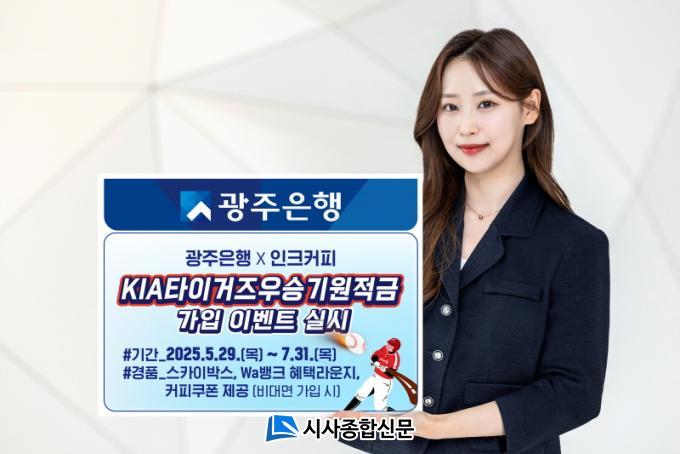 À̺¥Æ® ´ë»ó »óǰÀÎ ¡®KIAŸÀ̰ÅÁî¿ì½Â±â¿øÀû±Ý¡¯Àº Áö¿ª ¸í¹®±¸´Ü KIAŸÀ̰ÅÁîÀÇ ¿ì½ÂÀ» ±â¿øÇϸç Áö¿ª¹Îµé°ú ÇÔ²² ÀÀ¿øÇÏ´Â ±¤ÁÖÀºÇà ´ëÇ¥ ½ºÅ׵𼿷¯ ½ÃÁð »óǰÀÌ´Ù. ¿ù 10¸¸ ¿øºÎÅÍ ÃÖ´ë 100¸¸ ¿ø±îÁö °¡ÀÔ °¡´ÉÇÑ Á¤¾×Àû¸³½Ä »óǰÀ¸·Î, ¿ì´ë±Ý¸® Æ÷ÇÔ ÃÖ°í ¿¬ 3.85%(±âº» ¿¬ 2.60%)ÀÇ ±Ý¸®¸¦ Á¦°øÇÑ´Ù.(2025.06.13. ±âÁØ)
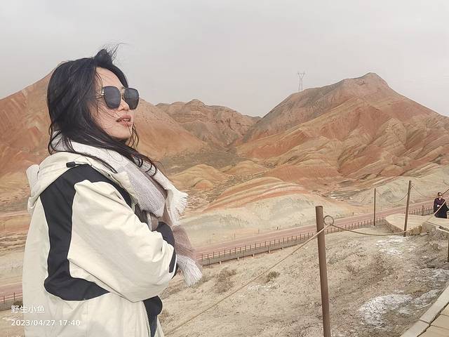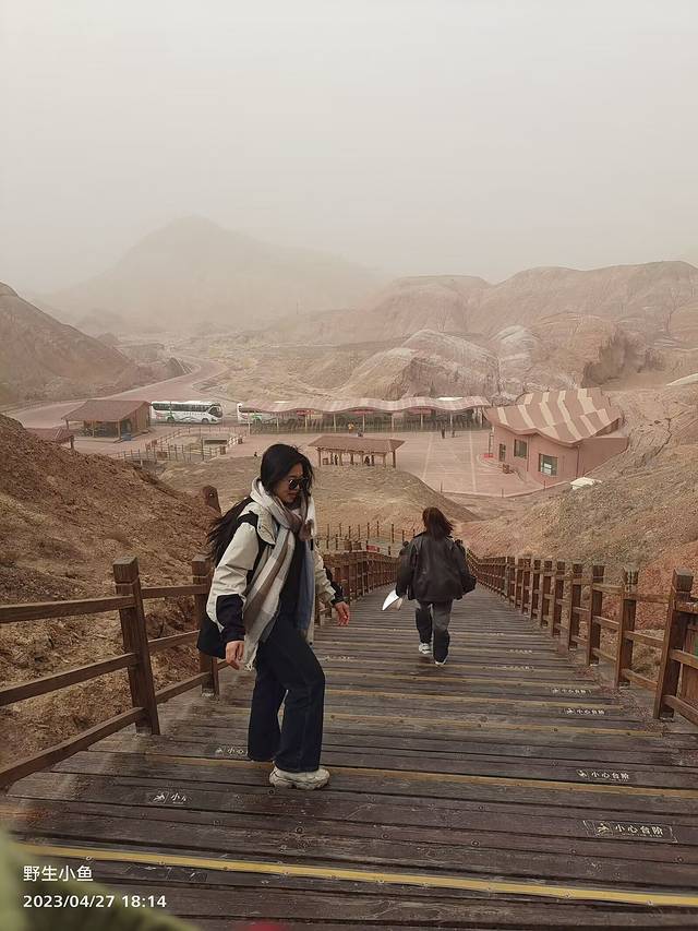 傍晚,我们来到张掖丹霞国家地质公园。太阳还没下山,可公园里黄沙漫天,灰蒙蒙一片,让我遇见了七彩丹霞的另一面。
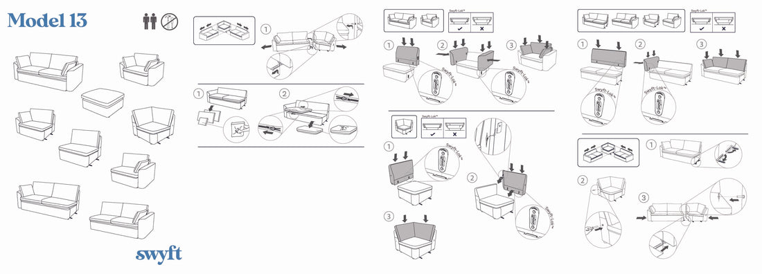 Welcome to the pinnacle of the Model 13 collection. This is modular in full effect, with five generous seats, a plush ottoman, and endless configurations to fit your life. Deep, feather-filled cushions promise ultimate comfort, while the bases lock together securely with Swyft-Lok and crocodile connectors for ease. The ottoman moves wherever you need it: Coffee table, footrest, or extra seat, and the removable covers make life easier for when spillages happen.

> **Task directions**
Write out exactly the lines from the line that contains "傍晚,我们来到张掖丹霞国家地" to the last line of the material above, both included; pictures do not belong in the copy.

> **Written solution**
 傍晚,我们来到张掖丹霞国家地质公园。太阳还没下山,可公园里黄沙漫天,灰蒙蒙一片,让我遇见了七彩丹霞的另一面。
 Welcome to the pinnacle of the Model 13 collection. This is modular in full effect, with five generous seats, a plush ottoman, and endless configurations to fit your life. Deep, feather-filled cushions promise ultimate comfort, while the bases lock together securely with Swyft-Lok and crocodile connectors for ease. The ottoman moves wherever you need it: Coffee table, footrest, or extra seat, and the removable covers make life easier for when spillages happen.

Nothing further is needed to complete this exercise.